Please note that you can merge any notebook into any other notebook, regardless of their relationship (or parent author). See this comment for the detailed steps:

Oh yeah, I am aware of that, though thank you. The issue here is that if you have two+ notebooks (B + C) both forked from a parent notebook (A), and after pulling in B to A, there may now be “merge conflicts” between C + A, and in that case you can’t simply “merge” (in the Observable sense), C into A.

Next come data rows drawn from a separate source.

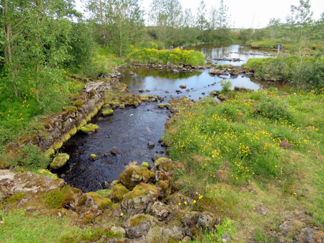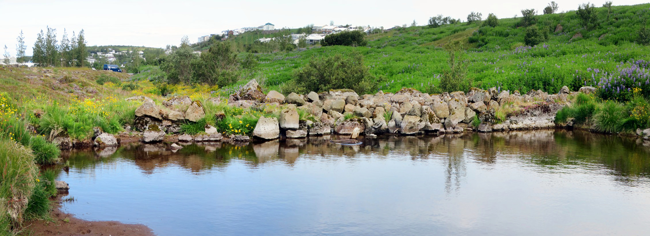 Þegar gengið er upp með læknum er kemur úr Lækjarbotnum má sjá hvar hann liðast með norðurjaðri Stekkjarhrauns og Gráhelluhrauns (Lækjarbotnahrauns). Við upptökin eru hleðslur undan timburhúsi, sem þar stóð um tíma á vatnsþró. Frá húsinu lá trépípa niður til bæjarins. Sjá má leifar hennar neðan við hleðslurnar. Skammt neðar er stíflumannvirki, steypt og hlaðið. Á skilti þarna stendur eftirfarandi:
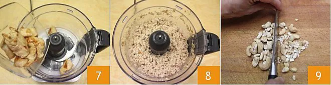 When the turkey bites are cooked, transfer them to a mixer 7, blend for a few seconds until the meat is well chopped 8, and then transfer the blended mixture into a large bowl. You can also carry out this process with a knife if you don't have a mixer. At this point, place the cashews on a cutting board and coarsely chop them 9.
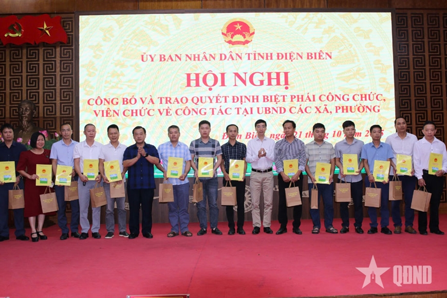 Tại hội nghị, Sở Nội vụ tỉnh Điện Biên đã công bố Quyết định số 2446/QĐ-UBND ngày 17-10-2025 của UBND tỉnh Điện Biên về việc phê duyệt danh sách công chức, viên chức biệt phái về công tác tại UBND các xã, phường. Theo quyết định, UBND tỉnh Điện Biên biệt phái 52 công chức, viên chức đang công tác tại các cơ quan chuyên môn, đơn vị sự nghiệp công lập thuộc UBND tỉnh làm việc tại các xã, phường trong thời gian 6 tháng, kể từ ngày 20-10-2025.
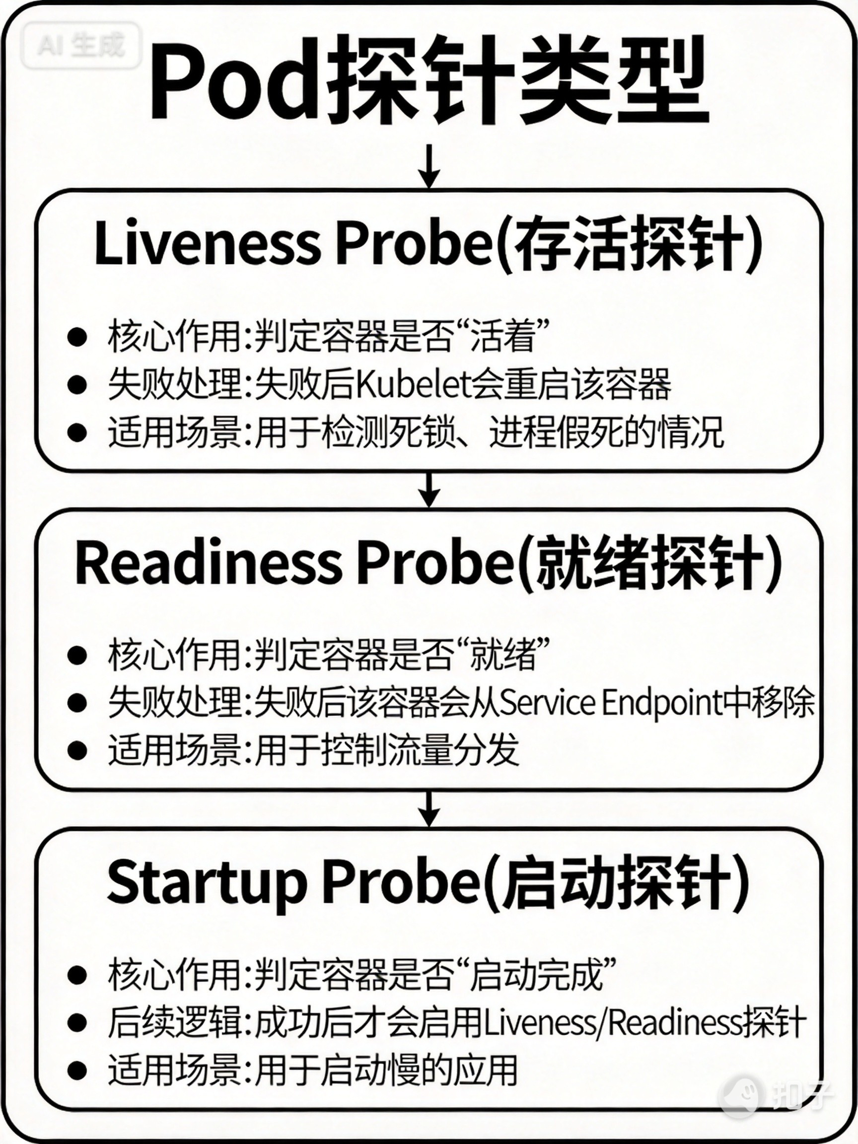 主动检测Pod内容器的健康状态,确保其真正可提供服务,而非仅进程存活。
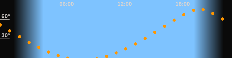 Höchster Stand (Kulmination)20:36 Uhr (h = 75,7°)
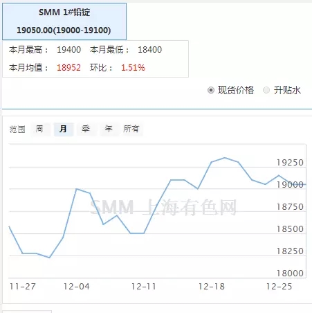 近期整體宏觀數(shù)據(jù)整體較好,金屬市場整體表現(xiàn)較強,近期鉛價突破19500元/噸一線,隨后呈現(xiàn)沖高回落態(tài)勢。近期鉛價走高主要受到河南環(huán)保限產(chǎn),安徽地區(qū)限氣影響。雖然受到環(huán)保限產(chǎn)等影響,供應趨緊,但是下游需求疲軟態(tài)勢并無改變,加上年底資金緊張,市場交投清淡,鉛價或?qū)⒕S持區(qū)間弱勢震蕩,據(jù)SMM預測將在18700元/噸-19300元/噸內(nèi)震蕩運行。
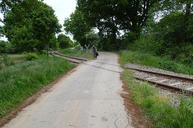 Keywords: Cycleway alongside a railway track near Weye. cyclist crossing eisenbahn railway route bahn cycleway ruralroad fahrradweg
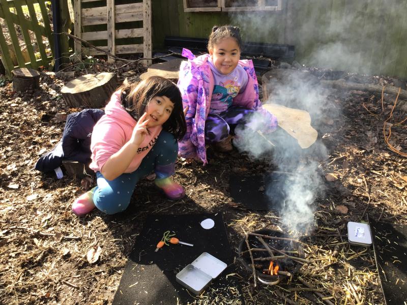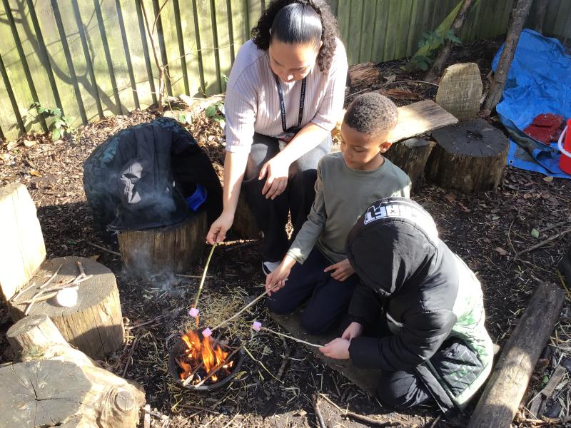 We were so lucky to be able to have some of our grown ups join us for this session, building fires and roasting marshmallows.
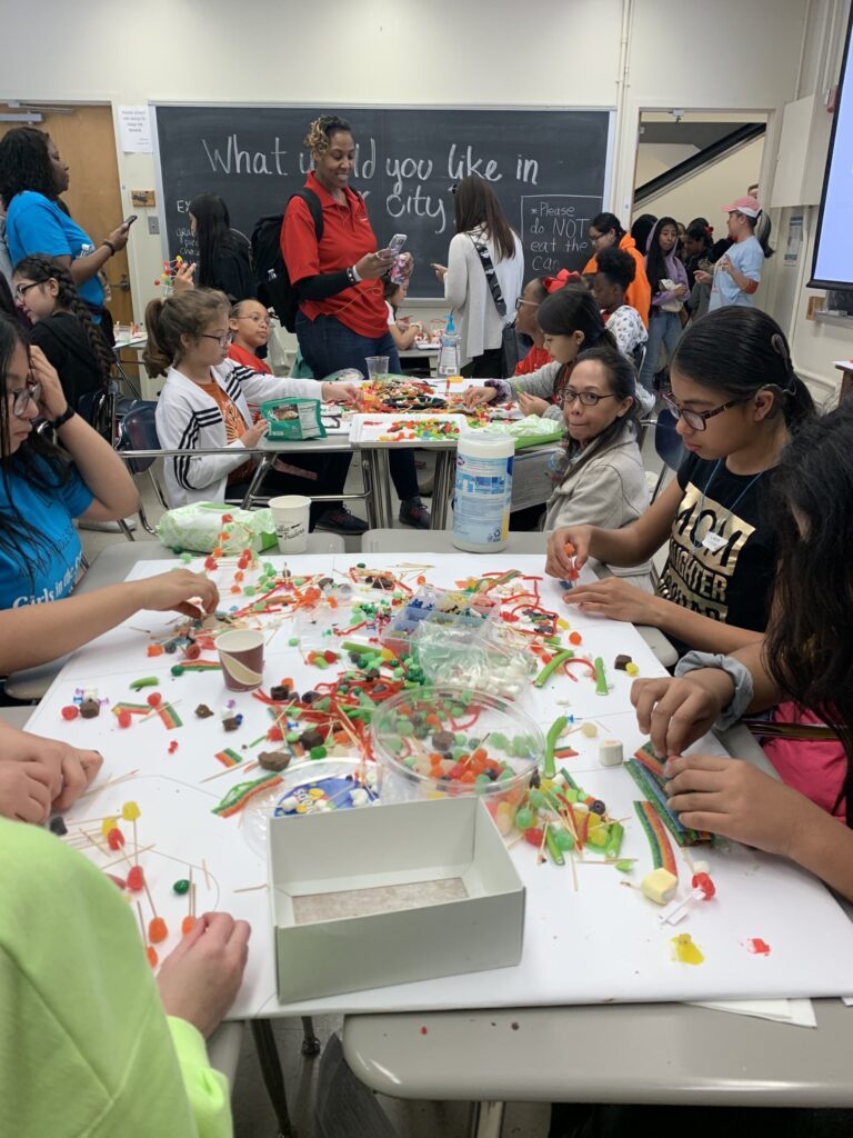 February 24, 2020, Filed Under: News ArticlesBuilding a City out of Candy: Girl Day 2020 On Saturday, February 22 CM2 co-hosted an event at GirlDayUT with the WTS Heart of Texas Chapter. The event is organized to help introduce young girls to STEM professions. CM2 hosted a session called “Building a City out of Candy” which allowed girls to design mini cities out of gum drops, tooth picks, twizzlers, and many other types of candy. Girls toyed with the idea of urbanism and what makes a good city. They constructed parks, bridges, roads, houses, bike paths, among other infrastructure to contribute to a greater city which was placed in the front of the classroom. We want to give a special shout out to those who donated to help us purchase the candy and supplies for our event. Special thank you to COX McLain Environmental Consulting, AECOM, Alliance Transportation Group and Lisa Loftus-Otway for helping make this event possible! We are proud to say that there was a line out door to get into the session most of the day!
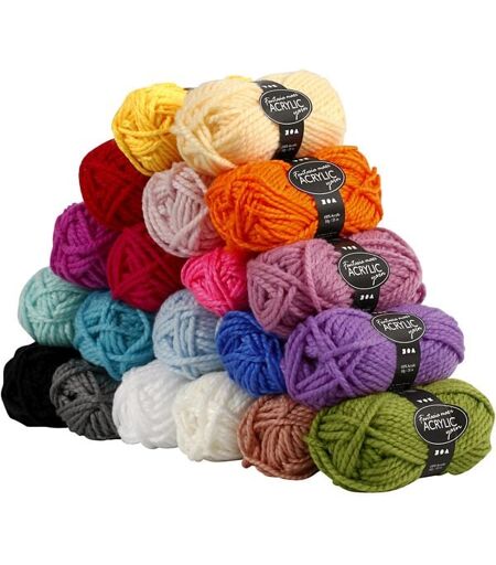 Das Set enthält 20 Knäuel Wolle mit je einer Länge von 35 Metern bzw. einem Gewicht von 50 g. Sortiment mit 2-fädiger 100% Polyacryl Wolle (Maschenprobe: 10 M x 10 Reihen = 10 X 10 cm mit Nadel Nr. 9). Enthalten sind die Farben rosa, fuchsia, pink, türkis, creme, hellblau, Meerblau, hellgelb, hellrot, weiß, gelb, neonorange, pulver, neonpink, rot, lila, mittelblau, grün, grau und schwarz. Das Set eignet sich für Schulen, Kindergärten oder Strick-Workshops. ...

Of course, you could implement a policy of not having more than one fork of a notebook at a time, but that makes development with more than one person difficult, as if Person 1 forks B from A, Person 2 would need to fork C from B, and then the merge cycle would have to proceed the other way around – C into B then B in to A, which is hard/not very efficient from a timing perspective.

1 Like

I see, thanks for the explanation! I’ll try to summarize what you described into a bug report. Please let me know if this is a good representation of your issue.

Steps to reproduce:

  1. Create parent notebook
  2. Create fork A
  3. Create fork B
  4. In fork A, create a cell with the content foo = "A"
  5. Merge fork A
  6. In fork B, create two cells with the contents foo = "B" and "bar"
  7. Open compare view for fork B

Expected result:

  • Compare view shows a single named cell “foo”, with parent tab containing “A”, and fork tab containing “B” .
  • Compare view shows single unnamed cell containing "bar" at bottom.

Actual result:

  • Compare view shows named cell “foo” twice, as “added in parent”, and “added in fork”
  • Compare view shows named cell “foo” for parent after unnamed cell containing "bar".

Some thoughts:

  • If we had a similar situation in git we would end up with a merge conflict.
  • In git, however we usually have a lot more context to assess a conflict, and a clear outline of the chunks that were added in each ref.
  • While in a merge conflict, symbols (i.e. functions and other units of code) are reduced to plain text, syntax is often corrupted and functions may be broken up.
  • Observable’s cells represent symbols, but these will always stay whole during a merge.
  • Moving even large blocks of code around is a lot easier than moving several individual cells.
  • To assess possible strategies it might help to represent the entire notebook as a flat text file and simulate a merge in git.

I don’t envy anybody who has to find a UI solution for this problem.

2 Likes

Hello @stephanietuerk, I’m currently facing the same problem in my work and I’m in charge of proposing a workflow for such development lifecycle in Observable.

Can you share some experience after this long time?

These days I would recommend using the new Observable Framework when you have demands of a more rigorous development workflow. With Framework, pages are Markdown that you can manage directly in source control and you can use standard code review processes, pull requests, unit tests, CI/CD, etc.